Problem:

The client faced issues with frequent re-elections in a Docker Swarm cluster whenever there were brief server-level disruptions. They sought guidance on modifying the swarm election timeout to stabilize the cluster and prevent unnecessary re-elections. Additionally, they wanted to understand the relationship between election timeout, heartbeat, and dispatcher-heartbeat settings.

Process:

  1. Understanding Swarm Election Timeout Configuration:

    The expert explained the underlying Raft consensus mechanism used by Docker Swarm, focusing on two parameters: heartbeat-tick and election-tick. These settings determine the election timeout, calculated as heartbeat-tick * election-tick.

    For example, if heartbeat-tick is set to 1 and election-tick to 10, the election timeout is 1 * 10 = 10 seconds.

    The client shared their current Docker Swarm configuration, where heartbeat-tick was set to 1 and election-tick to 3, which could contribute to frequent re-elections during transient network issues.

  2. Exploring Changes to Election Timeout:

    The client initially attempted to change the election timeout using the command:

    docker swarm update --heartbeat-tick 1 --election-tick 10

    However, they encountered an error, as this command is unsupported in their version of Docker (1.13.1).

    The expert clarified that Docker intentionally restricts direct user modification of Raft parameters through CLI to maintain cluster stability. While modifying heartbeat-tick and election-tick isn’t feasible in Docker 1.13.1, other parameters like dispatcher-heartbeat could be adjusted.

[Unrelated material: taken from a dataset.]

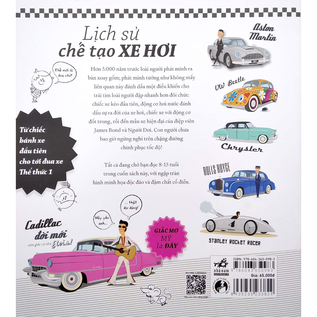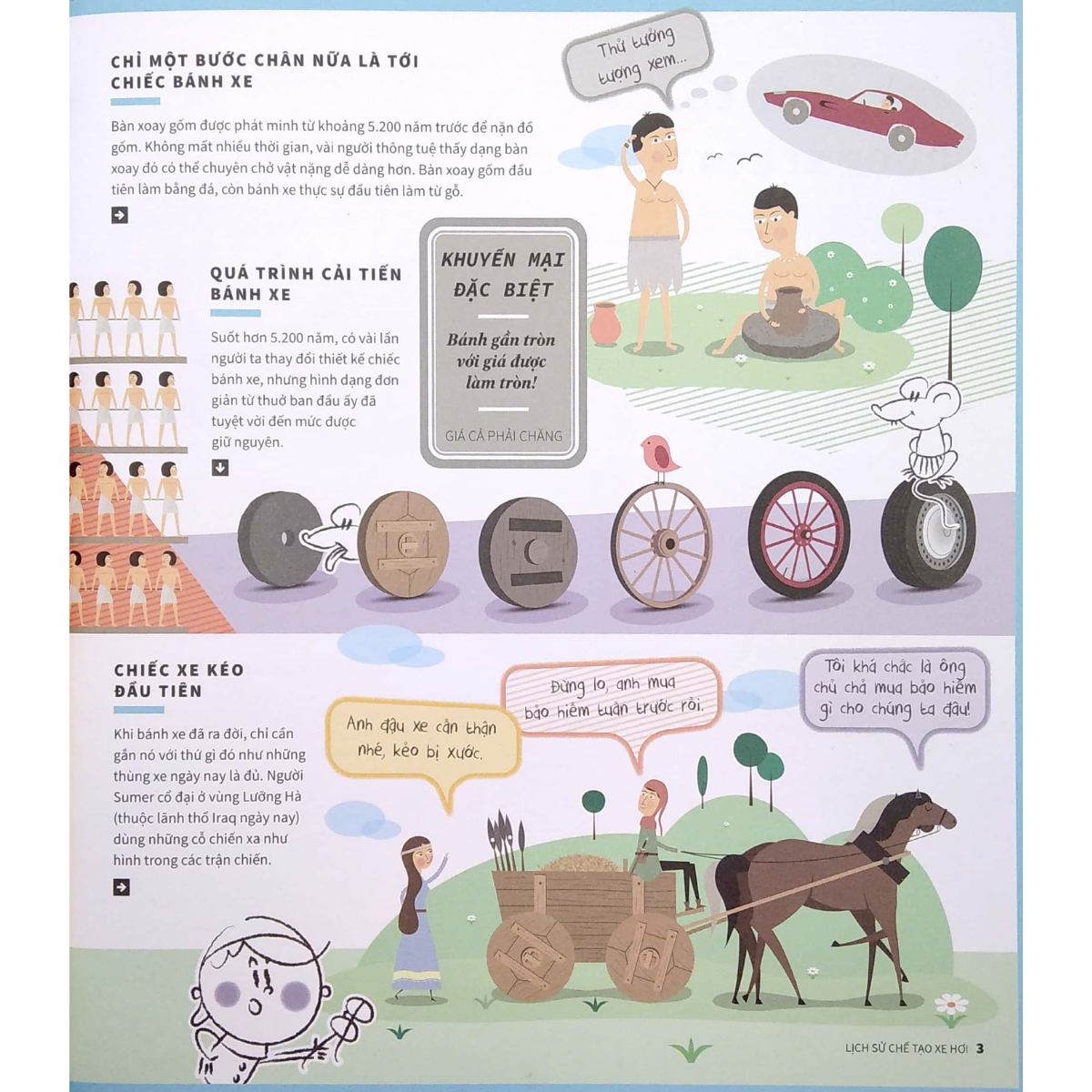 • Cuốn sách "Lịch Sử Chế Tạo Xe Hơi" đưa độc giả vào hành trình dài hơn 5.000 năm của sự phát minh và phát triển xe hơi. Từ những sáng chế ban đầu như bàn xoay gốm, qua việc chế tạo xe kéo, động cơ hơi nước, cho đến những cột mốc quan trọng như xe hơi với động cơ đốt trong, và cuối cùng là các mẫu xe hiện đại nổi tiếng như của James Bond và Người Dơi.
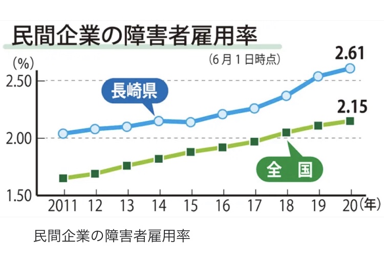 NAGASAKI – The Nagasaki Labor Bureau has summarized the employment situation of persons with disabilities in the prefecture (as of June 1, last year). In private companies, the actual employment rate, which indicates the ratio of persons with disabilities to employees, increased by 0.07 points from the previous year to 2.61%, the highest ever since the start of aggregation in 1977. The national ranking was 4th, up two places from the previous survey. On the other hand, public institutions fell below the statutory employment rate in prefectural boards of education and Sasebo City.

  3. Adjusting Dispatcher-Heartbeat:

    The expert suggested updating the dispatcher-heartbeat parameter to indirectly address the timeout issue:

    docker swarm update --dispatcher-heartbeat 20s

    This setting determines the interval at which worker nodes report their health status to the manager. Increasing this value can reduce the frequency of nodes being marked as down due to brief network latency, indirectly stabilizing the cluster.

    The client successfully tested this change and confirmed the updated configuration:

    • Initial dispatcher-heartbeat: 5 seconds
    • New dispatcher-heartbeat: 20 seconds
  4. Further Testing and Recommendations:

    The client inquired about increasing dispatcher-heartbeat to 5 minutes. The expert advised against such a drastic change, as it could delay detection of actual node failures. Instead, the expert recommended incrementally increasing the value, starting with 120 seconds, to observe its impact on system behavior.

  5. Addressing Version Limitations:

    The expert highlighted the limitations of Docker 1.13.1, including its outdated configuration options. To test solutions effectively, the expert obtained the client’s RPM packages and replicated the environment. They verified that the dispatcher-heartbeat changes worked in Docker 1.13.1 but reiterated the need to upgrade to a more recent Docker version for better configurability and stability.

Solution:

The expert resolved the issue by:

  • Explaining the relationship between heartbeat-tick, election-tick, and dispatcher-heartbeat.
  • Recommending and testing updates to dispatcher-heartbeat, starting with 20 seconds.
  • Advising gradual changes to the dispatcher-heartbeat value (e.g., 120 seconds) to balance stability and responsiveness.
  • Highlighting the limitations of Docker 1.13.1 and suggesting an upgrade to a newer version for long-term improvements.

Conclusion:

This case underscores the challenges of maintaining stability in Docker Swarm clusters, particularly in older versions with limited configuration options. By following the expert’s recommendations, the client stabilized their cluster and mitigated unnecessary re-elections. Incremental adjustments and thorough testing of parameters like dispatcher-heartbeat proved essential. For better flexibility and control, upgrading to a more recent Docker version remains a critical next step.